Important Framework Features
As already discussed, inversion of control and extensibility are fundamental aspects of frameworks. Beyond those basic parameters, frameworks should account for several other features.
Standardized application life cycle. To reiterate, inversion of control means that a framework owns and standardizes an application's overall life cycle, but what benefit does this structure actually buy? The scenario of avoiding cascading failure provides one example.
Cascading failure is a well-known cause of system outages, including many at Google. It can occur when part of a distributed system fails, which then increases the probability that other parts will fail. For more information on the causes of cascading failures and how to avoid them, see the chapter on "Addressing Cascading Failures" in Site Reliability Engineering.1
Server frameworks at Google have a number of built-in protections against cascading failure. Two of the most important principles are:
- Keep serving. If a server can answer requests successfully, it should do so. If it can successfully serve some kinds of requests but not other kinds, it should continue running and answer the requests that it can serve.
- Start up quickly. The server should start up as quickly as possible. Faster startup means faster recovery from crashes. The server should avoid waiting serially for initializations involving RPCs to external systems to complete.
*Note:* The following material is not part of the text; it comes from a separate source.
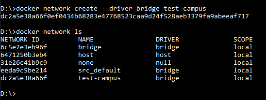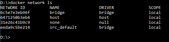 Te presento al comando docker network ls. Este te listará todas las redes de Docker que tengas en tu máquina, así como su tipo: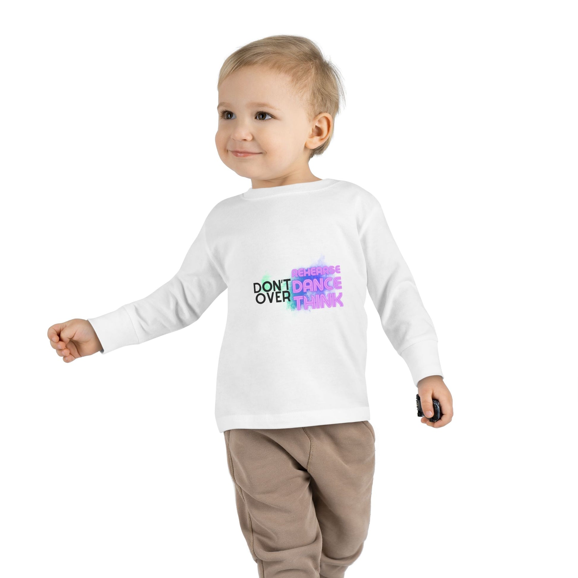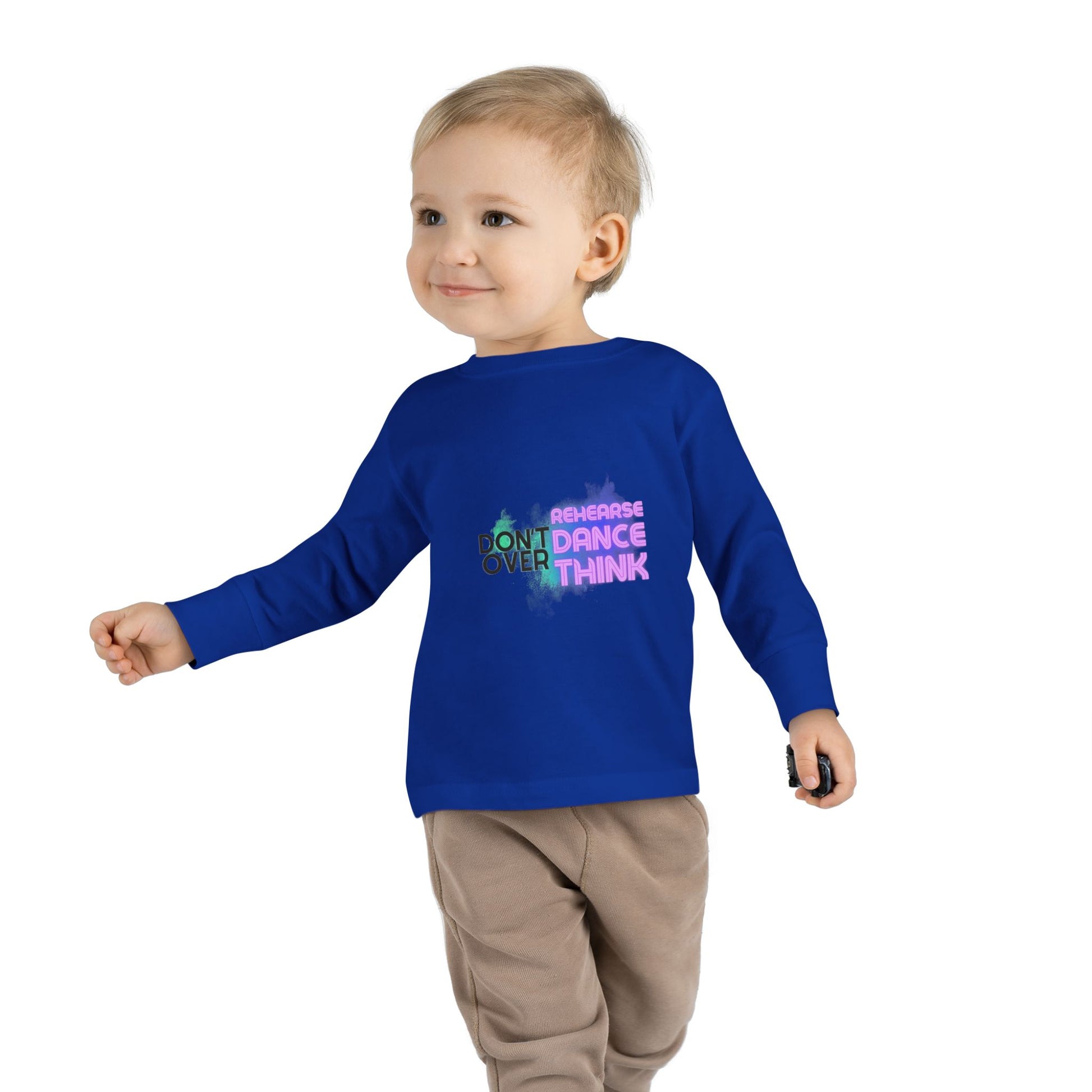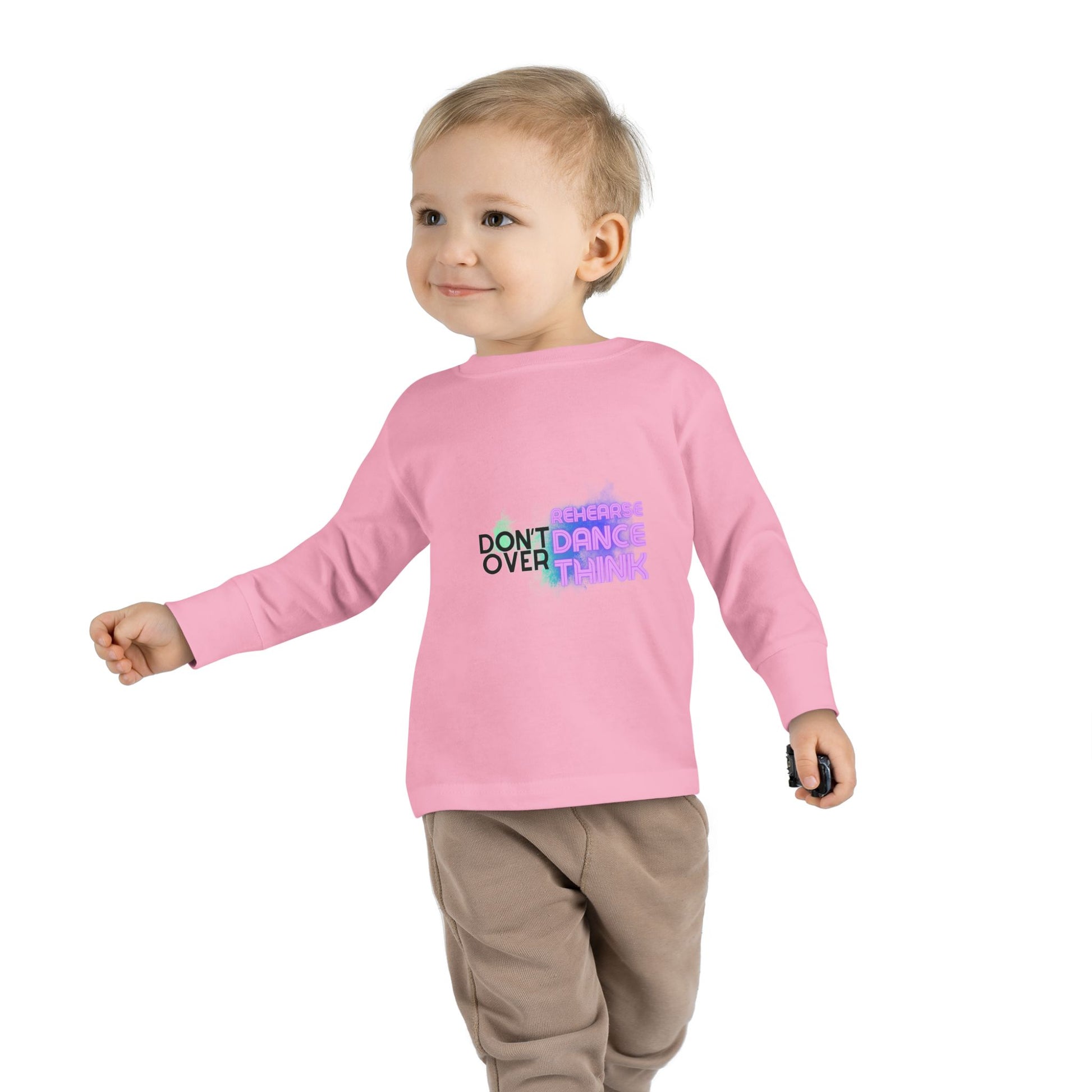 "Don't Over Rehearse Dance Think" Toddler Long Sleeve Dance Tee – Retro Graphic Shirt for Young Dancers

The Google production environment gives each server a configurable amount of time to become "healthy" (start responding to requests). If the time expires, the system assumes that an unrecoverable error occurred and terminates the server process.
There is one common antipattern that occurs naturally in the absence of a framework: A library creates its own RPC connection and then waits for that connection to be ready. As a server code base grows over time, you can end up with literally dozens of such libraries in the transitive dependencies. The result is server initialization code, which, if unrolled effectively, looks like Figure 1.
Under normal circumstances, this code will work fine, which is especially problematic because there is no indication of a lurking problem. That problem shows itself when one of the associated back-end services slows down or goes down altogether—now the primary server's startup is delayed. If the startup is sufficiently delayed, it will be killed before it ever gets a chance to start handling requests, which can contribute to a cascading failure.
One possible improvement is to create the RPC stubs first, as in Figure 2, and then wait for them all in parallel. In this scenario, you need to wait only for the max of the stub initialization times rather than the sum.
While still not perfect, even this limited refactoring demonstrates that you need some coordination between the libraries creating the RPC stubs—they must hand off the responsibility of waiting for the stub to something outside of the library. In Google's case, that responsibility is owned by the server framework, which also has the following features:
- Waiting for all stubs to be ready in parallel, by polling readiness periodically (< 1 sec). Once a configurable timeout has elapsed, the server can continue with initialization even if not all back ends are ready.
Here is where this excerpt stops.